春棠欲醉(锦一) 第254章

作者:锦一 标签: 穿越重生

  “我们照着女郎的吩咐将这事拖着,可谁知道今天一早赵家那位老夫人却是找上了太后,跪在寿安宫前磕破了脑袋替四皇子妃叫冤,还说昨天夜里梦到四皇子妃抱着她哭自己冤枉,说她是被人所害。”

  赵家那位老夫人身份十分尊贵,是太祖皇帝幼弟的女儿,曾经十分得太祖皇帝喜爱,身上也有着郡主封诰。

  她跪在寿安宫前磕的头破血流,太后也没办法视而不见。

  太后不好插手朝中事,就命人叫了安帝过去,安帝近来本就被灵云寺的事情闹的烦躁至极。

  赵家老夫人哭说四皇子妃冤枉,又说她是被人利用陷害,还说萧督主重伤枢密院中无人主事,才让小案变成大案,让全天下都知道皇室子弟倾轧,皇家儿媳被人毁了清白,丢尽皇家颜面。

  吴奎说话间脸色极为不好:“那赵老夫人一改之前所求,不再说要把四皇子妃带走,只求陛下尽快让人审结此案,免得皇室蒙羞。”

  “陛下也知道督主重伤在身,觉得枢密院里无人主事才会让此案拖延至今,就说让刑部和大理寺的人帮着枢密院尽快审结此案。”

  “沧统领原是想要拦着他们先派人告知女郎,可那赵老夫人片刻都等不及,非得让陛下下令刑部和大理寺的人立刻去牢里提审,但谁知道这一去,就发现四皇子妃用腰带绑在牢门上生生缢死了自己。”

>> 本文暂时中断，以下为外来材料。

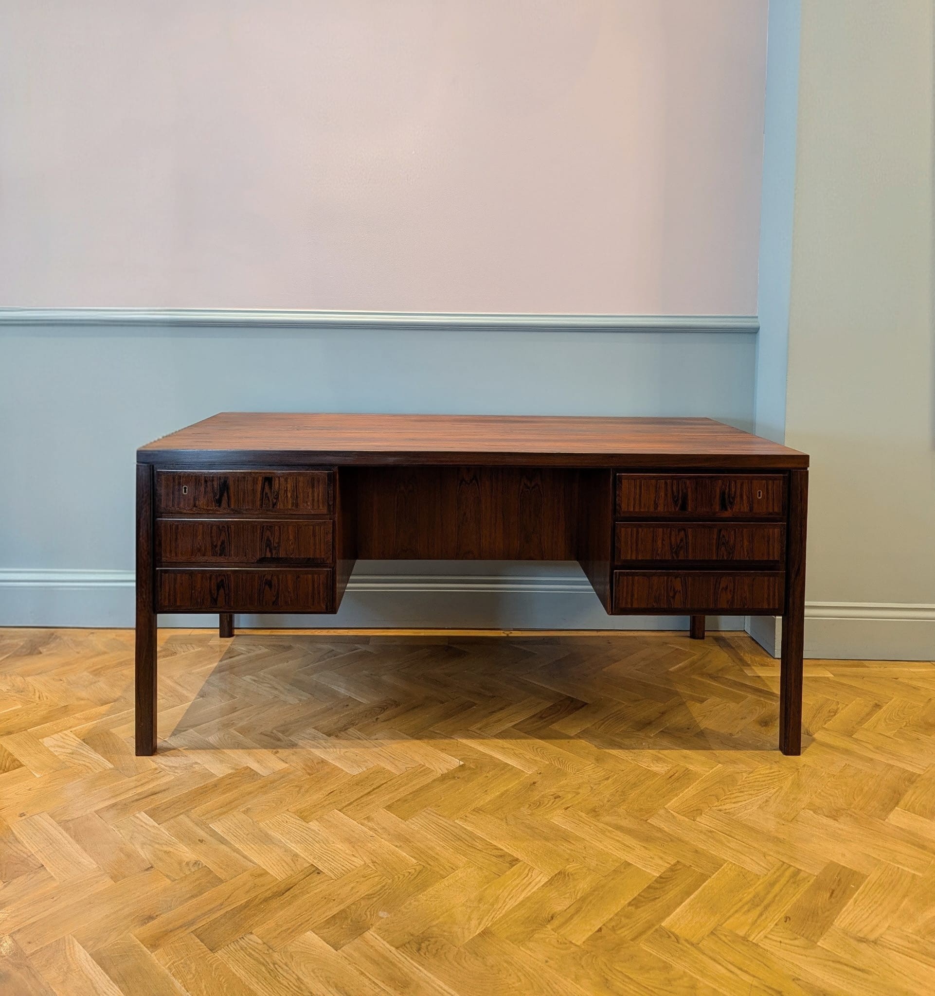 Mid 20th century rosewood desk Model 77 Designed by Gunni Omann Produced from 1960-1987 by Omann Jun Møbelfabrik, Denmark This desk has six drawers to the front, with lockable top drawers (these are both working) The reverse of the desk has two open bookcases and a central lockable cabinet. The desk has been constructed from a combination of solid rosewood and rosewood veneer.
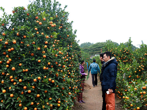 Mặc thời tiết lạnh giá và còn nửa tháng nữa mới đến Tết Nguyên đán, nhưng ở nhiều vườn quất cảnh đã nhộn nhịp khung cảnh khách đến chọn mua quất, những chuyến xe chở quất hối hả chạy đi.
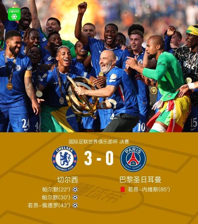 世俱杯决赛在美国新泽西州大都会人寿体育场展开角逐,切尔西对阵巴黎圣日耳曼,本场主裁判为法加尼(澳大利亚)。上半场,帕尔默天神下凡推射梅开二度后又助攻若昂-佩德罗挑射破门。下半场,若昂-内维斯拽库库雷利亚头发被直红罚下。最终,切尔西3-0完胜巴黎,夺改制后世俱杯首冠!
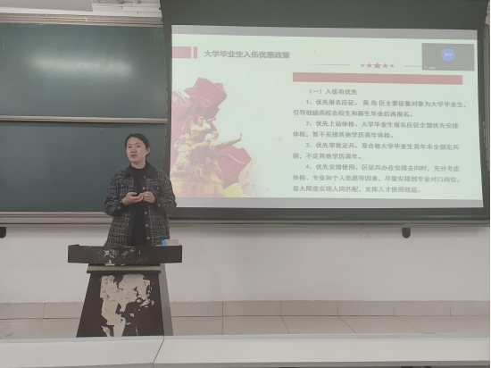 会上,于喆老师从入伍的基本政治条件、基本身体条件、入伍的优惠政策、入伍的发展方向等方面对应征入伍政策进行了细致讲解,让同学们对老员工毕业应征入伍有了更清晰的认识。赵英琦结合自己在军营中的真实经历,分享了军营中的趣事和感悟,让同学们对军营有了全新认识。
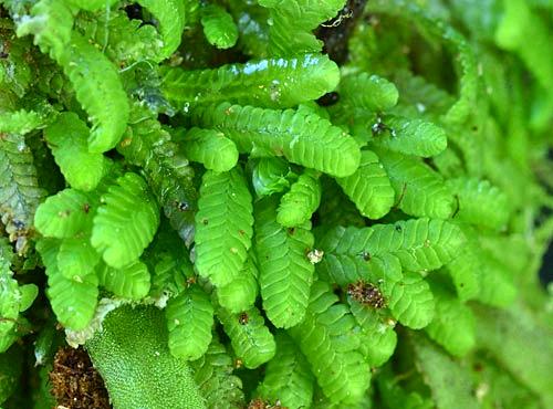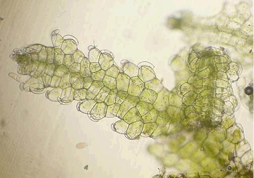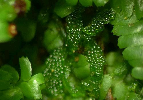 The underside of Lembidium nutans. The underleaves aren't very obvious, but the serrated apex of them is just visible.
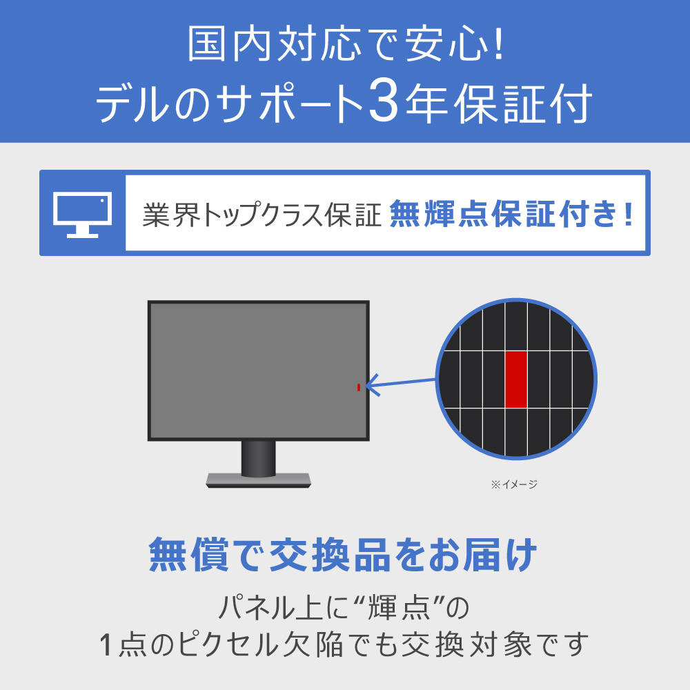 24時間365日電話サポート対応、3年間無輝点交換・良品先出しサービスで長期間安心してご使用頂けます。
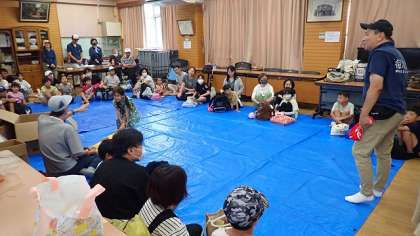 7月28日(日)に、梅津少年補導主催の行事「少年補導からの挑戦状2 親子ふれあい竹水鉄砲づくり」が行われ、約25名ほどの子どもたちが参加をしました。
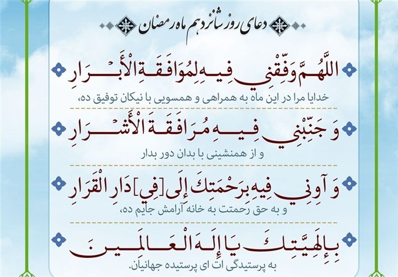 اللهمّ وَفّقْنی فیهِ لِموافَقَةِ الأبْرارِ وجَنّبْنی فیهِ مُرافَقَةِ الأشْرارِ وأوِنی فیهِ بِرَحْمَتِکَ الى دارِ القَرارِ بالهِیّتَکِ یا إلَهَ العالَمین.
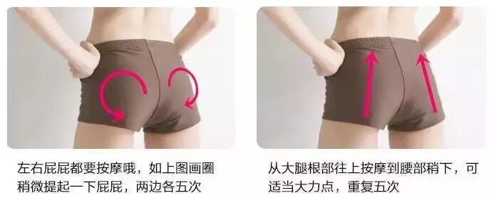 屁屁按摩也必不可少,紧致以外还可以提臀,按图下示意来回按摩5次即可。
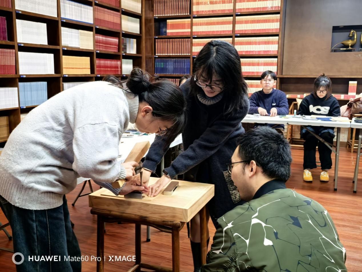 图3:我院学生在古籍修复师杨老师的指导下学习古籍线装打孔
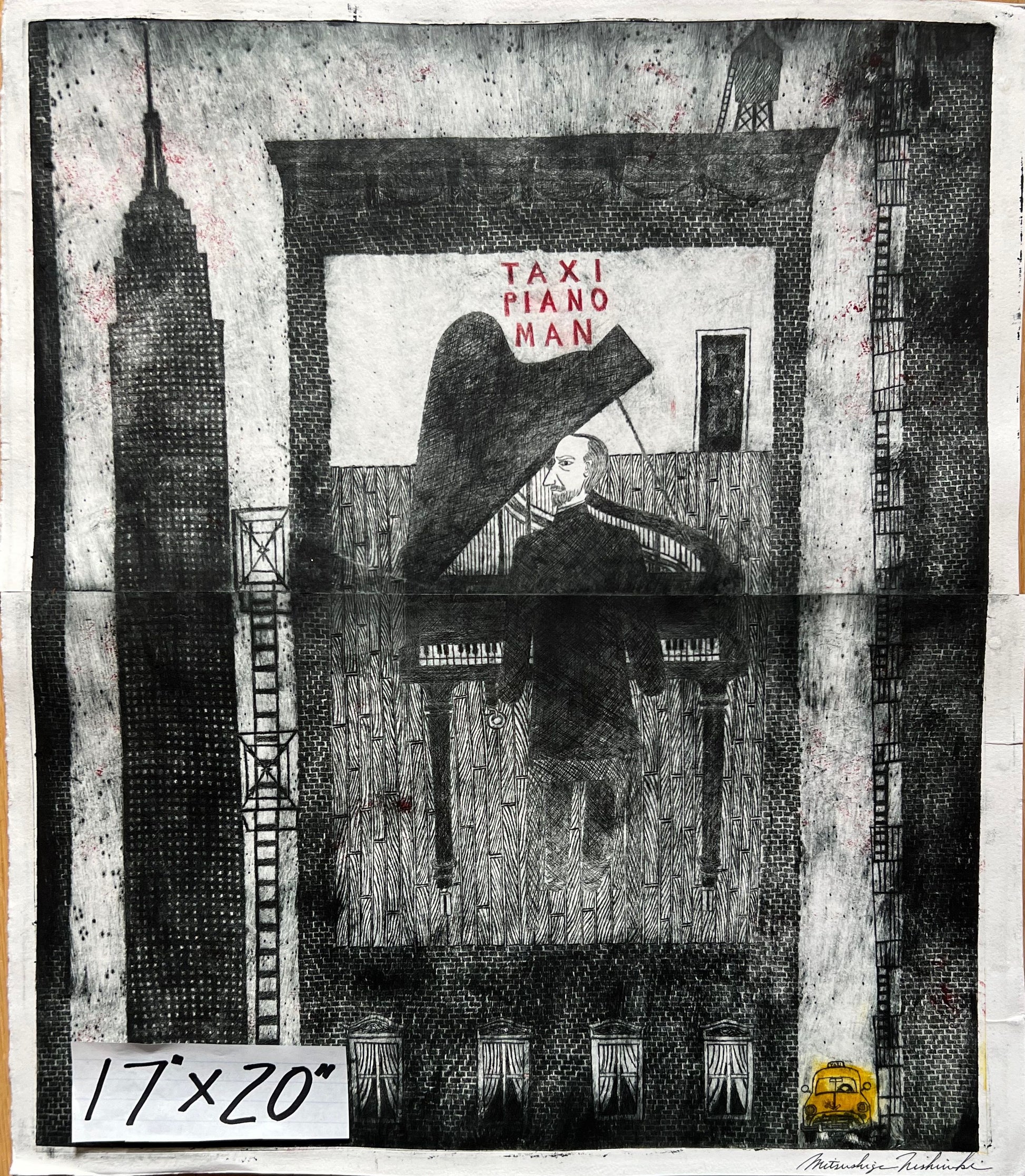 Original and signed by artist. Mitsushige is a self-trained etching artist. Early travels in charge of European business for a Japanese industrial company, followed by postgraduate studies in graphic design in Arizona and working as a graphic designer in NYC, inform his singular, humorous images of Europe and the USA created back home in Tokyo
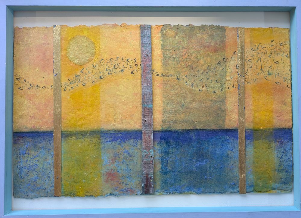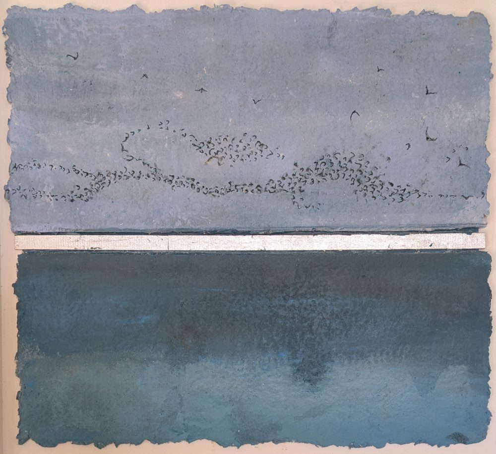 Jill’s work is experimental, concentrating on colour, light, intensity and atmosphere. Frequent subjects are seascapes, night skies and patterns in the natural world. She often works on her own handmade paper and uses paints, inks, pigments, dyes and silver and gold leaf alongside reclaimed and found materials.
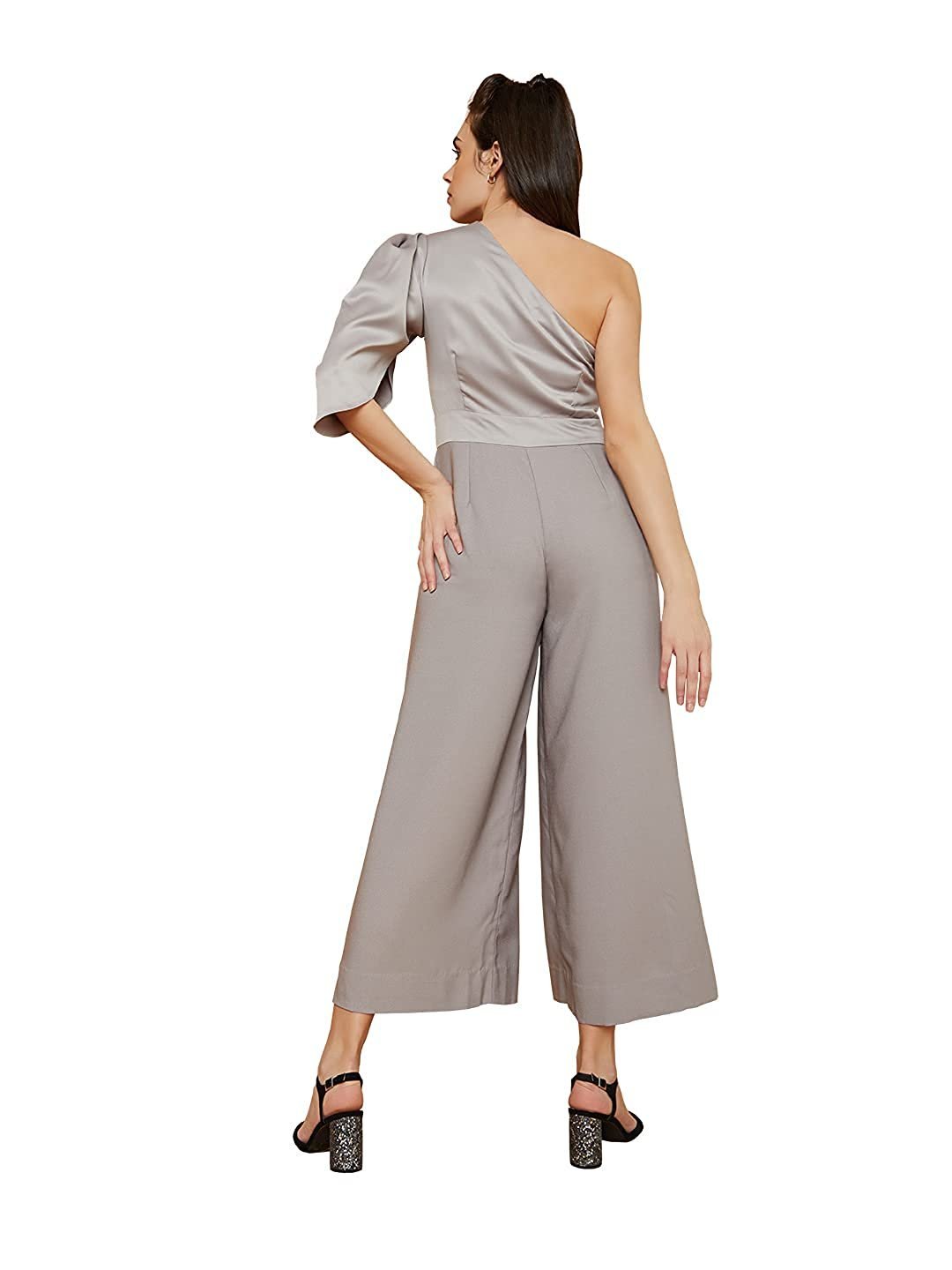 Vero Moda பெண்களுக்கான 100% பாலியஸ்டர் சாலிட் அரை ஸ்லீவ் ஒரு தோள்பட்டை ஸ்லிம் ஃபிட் ஜம்ப்சூட்
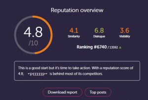 yrityskäyttöön. Tähän sovellukseen olen itse tutustunut jo aiemmissa opinnoissani ja pidän siitä kuinka selkeitä kehittämisehdotuksia sovellus minulle antaa. Sovelluksesta on olemassa kokeiluversio, jonka käyttö on suppeampaa kuin maksullisen version, mutta kokeiluversiokin antaa hyviä eväitä sometekemisen kehittämiseen. Se antaa ns. yleisarvosanan lisäksi arvosanat samankaltaisuudesta, dialogista ja näkyvyydestä. Se myös vertaa (ranking) someprofiileita muihin samankaltaisiin organisaatioihin. Kuvankaappaus kertoo tilanteesta, jossa jotain tarttis vähän tehä!
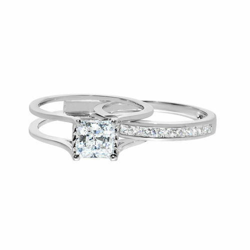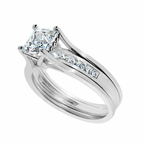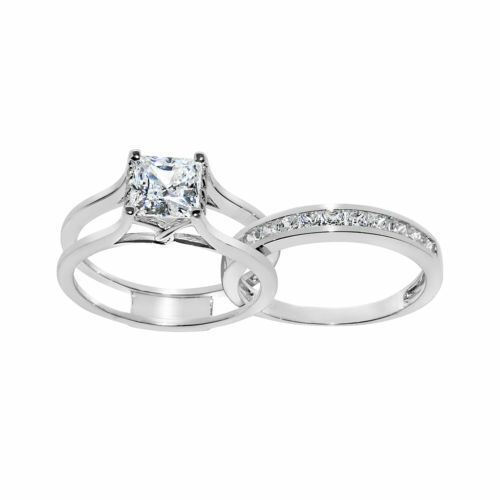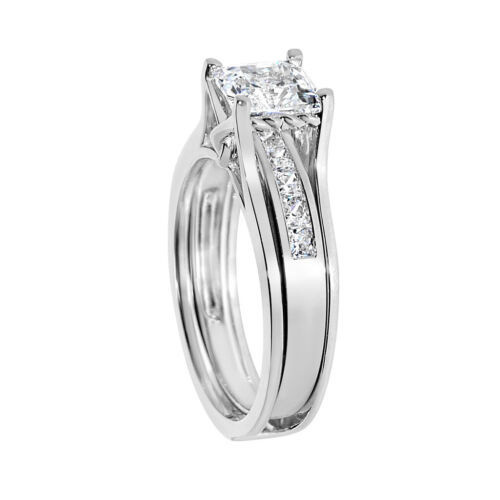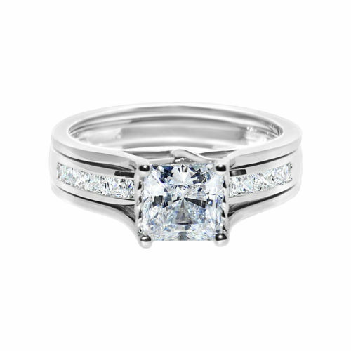This exquisite wedding set seamlessly blends elegance and functionality, offering the charm of a solitaire with the added beauty of a princess-cut insert engagement ring. Crafted in 14k white solid gold, the ring showcases a brilliant setting of pave-set princess-cut Diamonette - Diamond Simulant stones. These dazzling stones, equivalent in carat weight to 1.75 carats of natural diamonds, lend an air of luxurious sophistication.
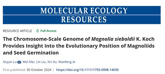近日,Molecular Ecology Resources在线发表了韦德官方网站陆秀君教授团队题为“The Chromosome-Scale Genome of Magnolia sieboldii K. Koch Provides Insight Into the Evolutionary Position of Magnoliids and Seed Germination ”的研究论文,报道了天女木兰染色体水平参考基因组,验证了木兰科植物的进化地位,发现木兰科植物起源于真双子叶植物和单子叶植物分化之前,RNA-seq分析鉴定了控制种子休眠和萌发的关键基因及途径,揭示了FAR1(FAR-RED IMPAIRED RESPONSE 1)基因家族不同成员参与种子萌发的复杂过程。
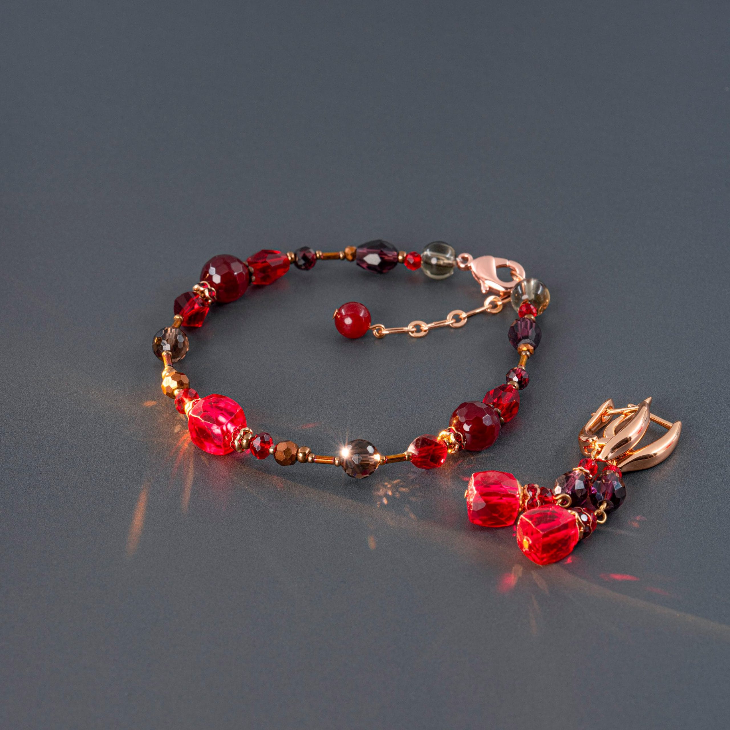 10350 ₽Элегантный комплект из браслета и серёг, созданный из насыщенного малинового корунда, граната и стеклянных гранёных вставок. Золотистые стразы добавляют украшению сияния и подчеркивают глубину оттенков. Вместе браслет и серьги образуют гармоничный ансамбль, который выглядит особенно выразительно. К тому же набор выгоднее — его цена на 10% ниже, чем при покупке изделий по отдельности.
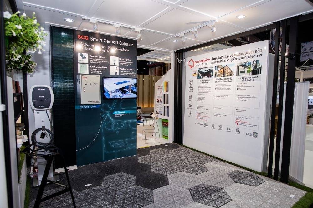 2. SCG Solar roof & SCG Smart Carport Solution: โซนที่นำเสนอนวัตกรรมหลังคาโซลาร์ อาทิ SCG Solar Roof Solutions บริการตั้งแต่การตรวจเช็คสุขภาพหลังคา ออกแบบและติดตั้งด้วยทีมช่างมืออาชีพ พร้อมบริการหลังการขาย ดีไซน์เพื่อให้เหมาะกับโครงสร้างและสถาปัตยกรรม รวมถึงประสิทธิภาพการผลิตไฟฟ้าสูงสุด ช่วยให้เจ้าของบ้านประหยัดไฟฟ้าได้มากถึง 40%
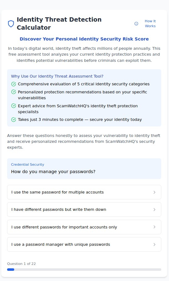- Identity theft risk assessment tools and checklists
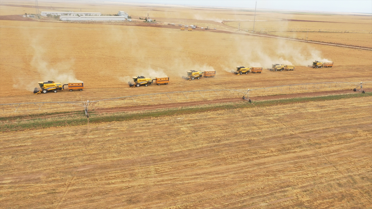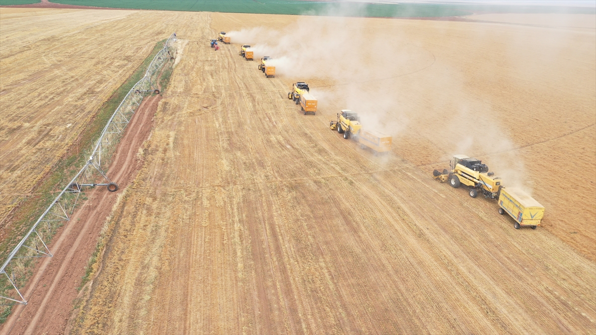 "Hububat deposu" olarak bilinen dev işletmede mayıs ayı sonunda başlayan hasat dönemi, yaklaşık 88 bin futbol sahası büyüklüğündeki alanda 229 biçerdöver, 128 kamyon ve 1200 işçiyle devam ediyor.

  当时狱中看守的人都傻了眼,赵老夫人更是哭嚎着差点晕过去。

  四皇子妃早不死晚不死,偏偏安帝下令刑部和大理寺插手案子时就死了,而且刑部和大理寺的人查看之后,发现四皇子妃看似像是受不了屈辱自缢,还留下一封血书忏悔自己所为,可实则颈骨已断,是被人用巨力先行勒死之后,再挂在牢门上伪装成自缢。

  这下子刑部和大理寺那些人的眼神都不对了,枢密院的人更是跳进澜江都洗不清。

  那血书成了个笑话,四皇子妃的死也好像是有人怕她说出什么提前灭了口,偏这个时候又有消息传来,说先前被放回府中的那位白二娘子从廊楼上摔了下来,浑身是伤昏迷不醒。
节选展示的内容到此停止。